The joy you hear in my voice during this video is joy brought about over the course of a twelve week season from dozens of conversations with my daughter about how much she actually wanted to just finally hit a home-run and knowing she never had before. It's brought about from the joy of knowing how she asked me repeatedly to take her to the field to throw batting practice to her by herself so she could learn to hit better.
This joy is coming after I sat with my daughter at the 4A Fast-Pitch State Championship game just one week earlier and watched the best softball I have ever seen played live, and heard my daughter say,
"Dad, I would never be able to hit the ball hard like these girls, because all my hits are grounders."
To which I replied,
"One day soon, honey, you will get a hit like you get in the batting cage, trust me."
This joy is completely pure. You see, unlike the parents living vicariously through their own child's experiences and never accurately judging their own child's abilities, I was not mentally running the bases with my daughter during this hit. I WAS WATCHING! I was geeking out FOR MY DAUGHTER! I was giggling inside knowing that for the rest of her life she would remember one night at North Springs Park when she hit the game winning home-run and no matter what happens after this moment, that fact will NEVER CHANGE.
Honestly, I don't even know if my daughter wants to pursue a serious softball future. I don't even care. I don't even think SHE knows. All I know is she has fun when she plays and she tries her best to do what the coaches have taught her. I know she works really hard and deserved to have good things happen to her because of that. But I also know how sports work, and they don't always reward the hard work in a proportionate way. Just because a player puts in the time and effort, especially at age 12, doesn't necessarily mean good things will come that player's way. I try and teach my kids that the hard work makes good things more likely, but it doesn't mean they are guaranteed.
I was overwhelmed with a very specific message in my head while my daughter was running the bases. That message was simply,
"She'll always have this, she'll always have this, she'll always have this."
With a small part of me thinking,
"Slide, slide, slide!"
I think that is something I think a lot of parents I see at games miss. They get so caught up in what the future may hold for their child if their child performs well, that they miss the fact that their child is actually playing the game right then in front of them!

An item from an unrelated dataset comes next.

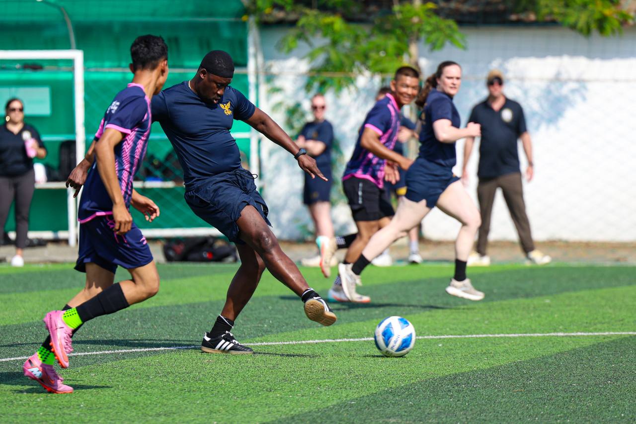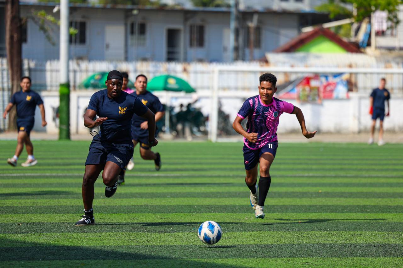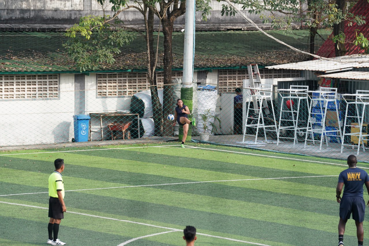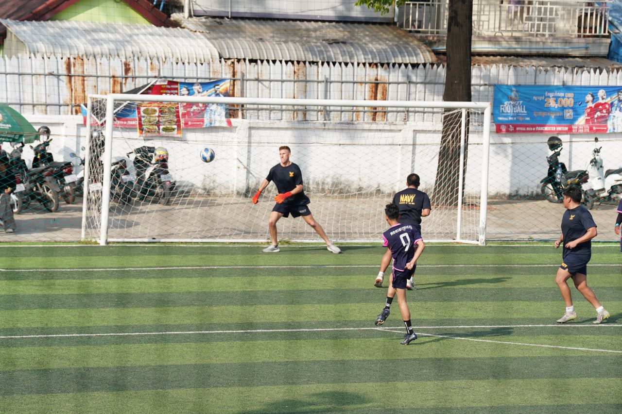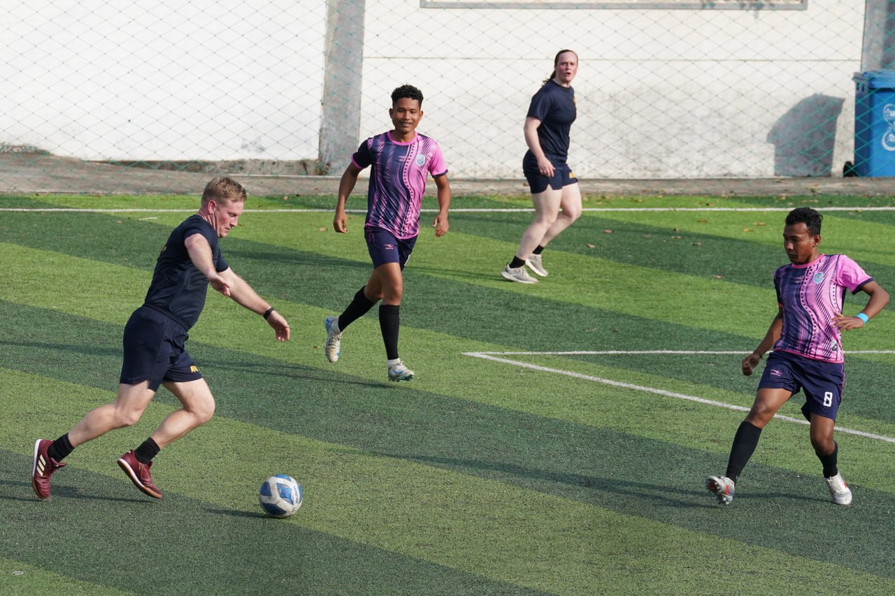 (ព្រះសីហនុ)៖ ក្រោយពេលចូលសំចតនៅមូលដ្ឋានសមុទ្ររាមក្រៅពីការធ្វើលំហាត់ហ្វឹកហ្វឺនរួមគ្នាហើយនោះ នៅរសៀលថ្ងៃអាទិត្យ ទី២៥ ខែមករា ឆ្នាំ២០២៦នេះ កងទ័ពជើងទឹករបស់កម្ពុជា និងអាមេរិក បានបើកការប្រកួតបាល់ទាត់ជាលក្ខណៈមិត្តភាពផងដែរ។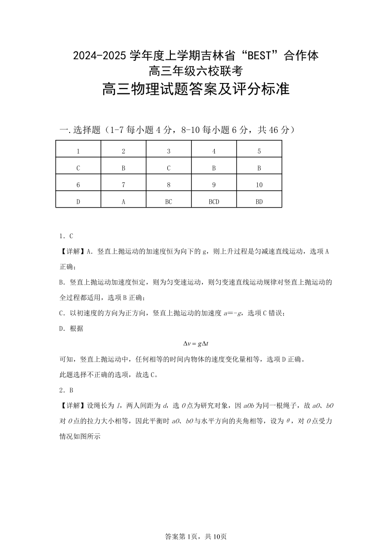 吉林省“BEST”合作体六校2025届高三上学期第三次联考 物理答案

Whether my daughter plays softball ever again or plays softball for the rest of her life, I won't care, as long as she is playing or not playing because of what SHE WANTS TO DO. But no matter what happens, I know she will always have this one night. This one night when it all came together for her like she had hoped. A night when she accomplished even more than she thought she was capable of ever doing.
As a parent you always wonder if your child gets it when it comes to complicated things like competitive sports and all the dynamics that play into that experience. I have true evidence that my Savannah gets it. In the car ride home after this game the one thing she said that made me know she gets it was this.
"Dad, when I was coming around second base and saw the ball still in the outfield and I knew I was going to get a home-run, I just started giggling and couldn't stop... like giggling out loud... like if you filmed me running, you will see me giggling."
As a parent, it's not the memory of your daughter's home-run that will last a life-time, but it's hearing your daughter tell you she was giggling uncontrollably out-loud while rounding second.
That will be what I will remember. Forever.